• Source data
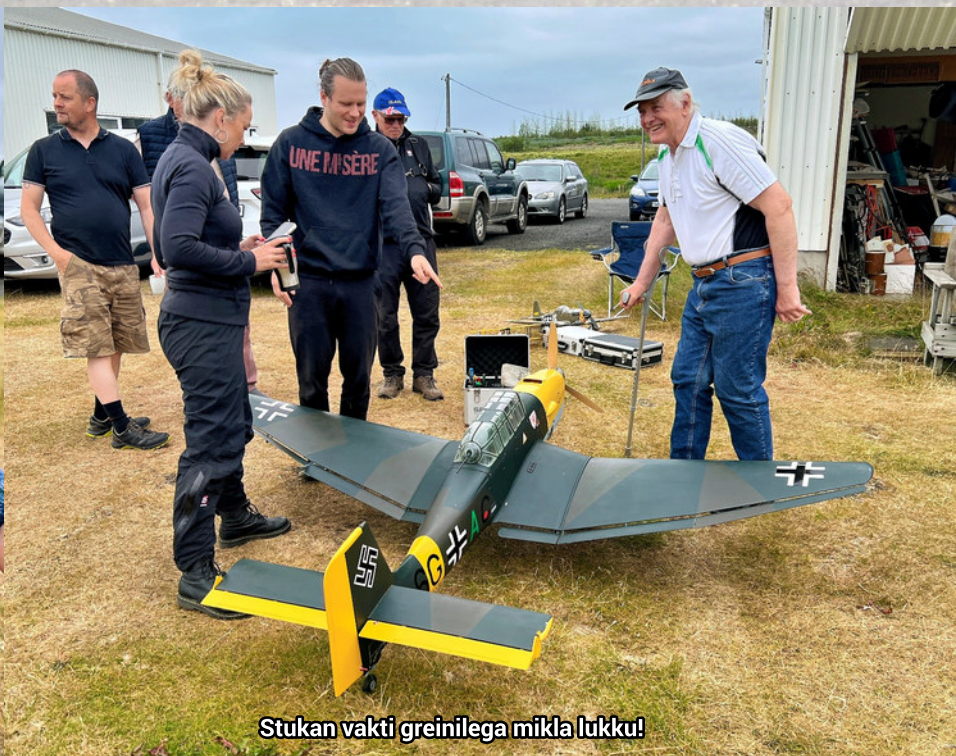
Stukan vakti greinilega mikla lúkku!
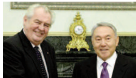
Prezidenti Zeman a Nazarbajev.
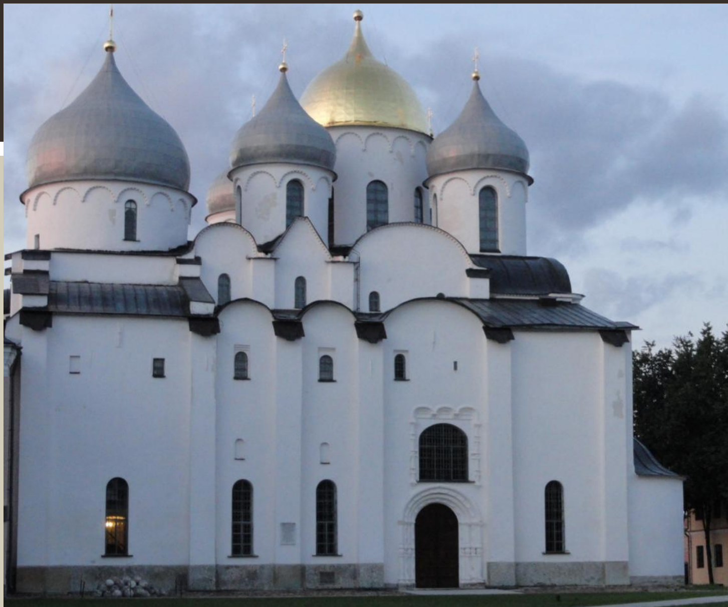
Софийский собор в Новгороде, построен в 1045-1050 годах по велению князя Владимира, сына Ярослава Мудрого
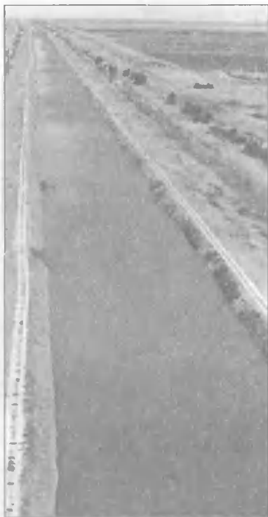
Канал Иртыш — Караганда
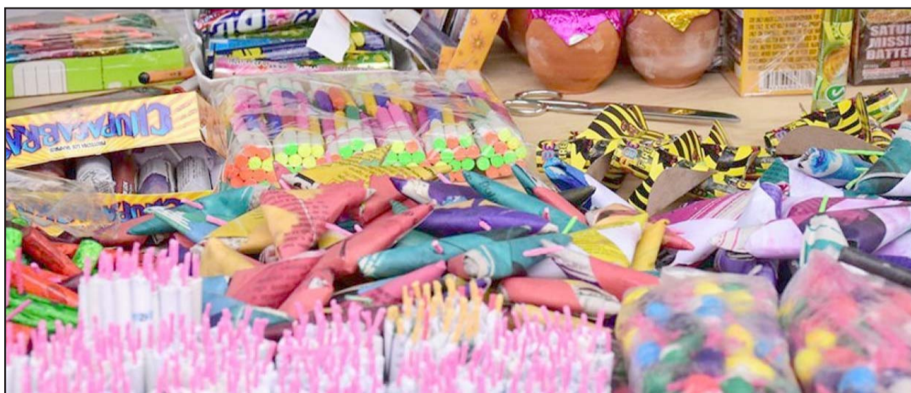
Con un solo click la gente puede adquirir una gran cantidad de pirotecnia de todos tamaños y precios.

Algunos de los municipios de la Zona Metropolitana y Periférica donde se comercializan a través de redes sociales los cohetes son Monterrey, Escobedo, San Nicolás, Juárez, Zuazua, Salinas Victoria, García, Guadalupe, Ciénega de Flores, entre otros.
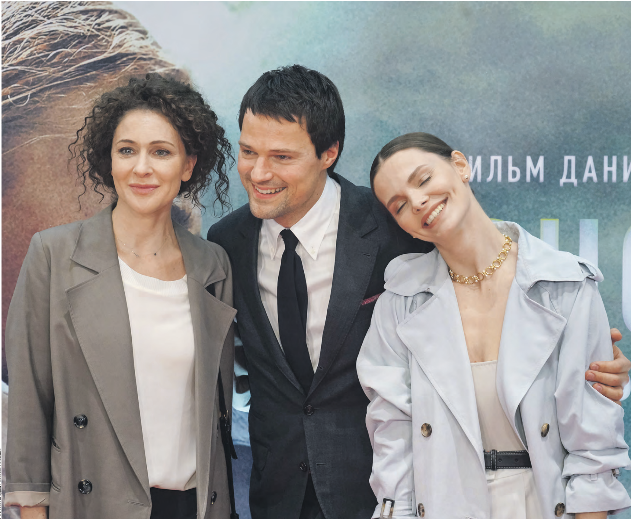
АГЕНТСТВО ПРОМОКОММУНИКАЦИИ «МОСКВА»
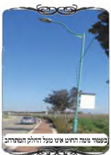
בעמוד טטה החוט אינו מעל החלק המתרחב

כשעברנו לאורך קו העירוב, גילינו שיש הרבה חוטים שאינם קשורים בראשי העמודים שהותקנו לכך, אלא קשורים בצידי העמודים, על הטבעת של הדגלים שרגילים להם, בהם, ולפעמים ראש אחד של החוט מעל גבי העמוד, וראש שני מן הצד. והסיבה היא כנראה כמו שבארנו, שבתחילה קשרו את החוט למעלה בעזרת מנוף, ואחר כך כשהחוט נקרע והיה קשה לאחראי להגיע, למעלה, הוא קשר מן הצד. איננו יודעים מה האחראי חשב, אם הוא לא ידע שאי אפשר לקשור מהצד, או שהוא ידע רק שבמקרה הזה משהו אמר לו שכשיש התרחבות זה נחשב מעליו כמו לחי. אבל היתה כאן בעיה שפוסלת מעיקר הדין, כי לפי מה שהתבאר לנו מחשיבים את החלק הרחב כמו לחי נפרד, ואז לא מתחשבים כלל בעמוד כי כלפיו החוט קשור מהצד, וא"כ צריך שהחוט יהיה מכוון בדיוק כנגד החלק המתרחב שבתחתית העמוד, כמ"ש
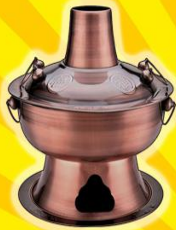
Китайский самовар Хого

На самом деле приборами, отдалённо напоминающими самовар, пользовались ещё древние римляне. Современный русский самовар похож на старинный китайский хого, древнеримскую аутпенсу, и иранскую жаровню - он имеет имеющее и трубу, и поддувало.
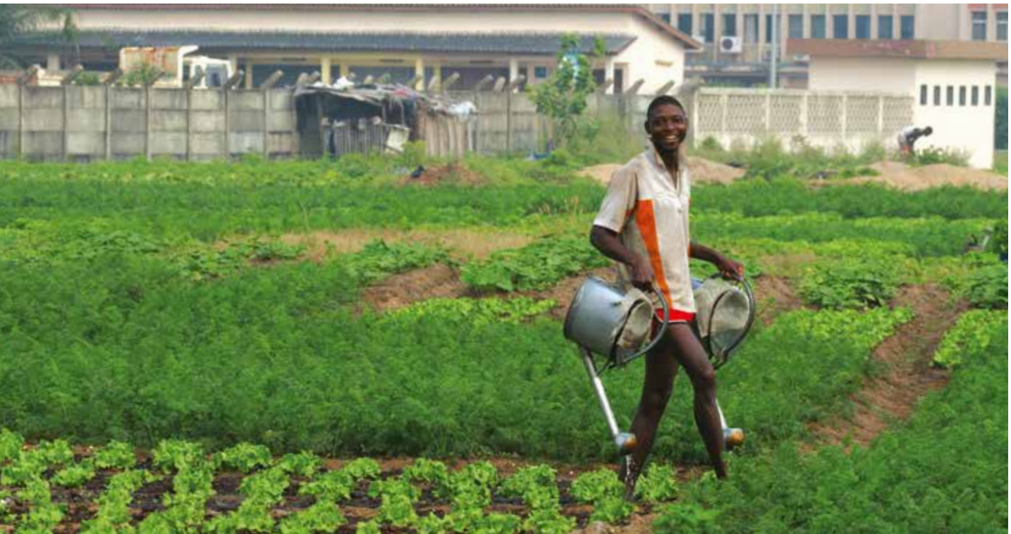
Cultures maraîchères en zone urbaine à Cotonou au Bénin.

Un rapport de la FAO basé sur de nombreuses études de cas des pratiques en matière d'agriculture urbaine et péri-urbaine en Afrique montre que cette activité y est très importante. Elle est ainsi pratiquée par 35% de la population à Lilongwe (Malawi) et Yaoundé (Cameroun), par 30% – soit 1 million de personnes – à Nairobi (Kenya) ou encore 25% à Accra (Ghana). Ces études soulignent que ce sont surtout les femmes qui sont actives y compris dans les activités de commerce associées. Elles représentent 70% des producteurs à Bissau (Guinée B.) ou à Brazzaville (Congo) (FAO, 2012).
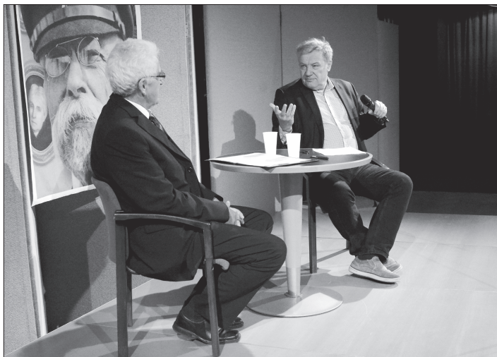
Někdejší diplomat a politik Martin Palouš si pozornost publika vysloužil nejen tím, že byl novou tváří diskuzního setkání, ale i svým zamyšlením.

Ani ve světě takových lidí mnoho není. Teď mě velice překvapil slovenský prezident Kiska, když vystoupil v Praze na konferenci Fórum 2000. Řekl bych, že jakkoliv má vlastní genezi a určitě to není profesor, který by se zabýval filosofií, je typem politiků s ideály. Dovedu si představit, že ve světě jsou někde další

• TASK REQUIREMENTS
The answer must consist solely of the lines from the first line of the records through the line containing "בעמוד טטה החוט אינו מעל החלק המתרחב", reproduced exactly and without the pictures.

• TASK RESPONSE
Stukan vakti greinilega mikla lúkku!
Prezidenti Zeman a Nazarbajev.
Софийский собор в Новгороде, построен в 1045-1050 годах по велению князя Владимира, сына Ярослава Мудрого
Канал Иртыш — Караганда
Con un solo click la gente puede adquirir una gran cantidad de pirotecnia de todos tamaños y precios.

Algunos de los municipios de la Zona Metropolitana y Periférica donde se comercializan a través de redes sociales los cohetes son Monterrey, Escobedo, San Nicolás, Juárez, Zuazua, Salinas Victoria, García, Guadalupe, Ciénega de Flores, entre otros.
АГЕНТСТВО ПРОМОКОММУНИКАЦИИ «МОСКВА»
בעמוד טטה החוט אינו מעל החלק המתרחב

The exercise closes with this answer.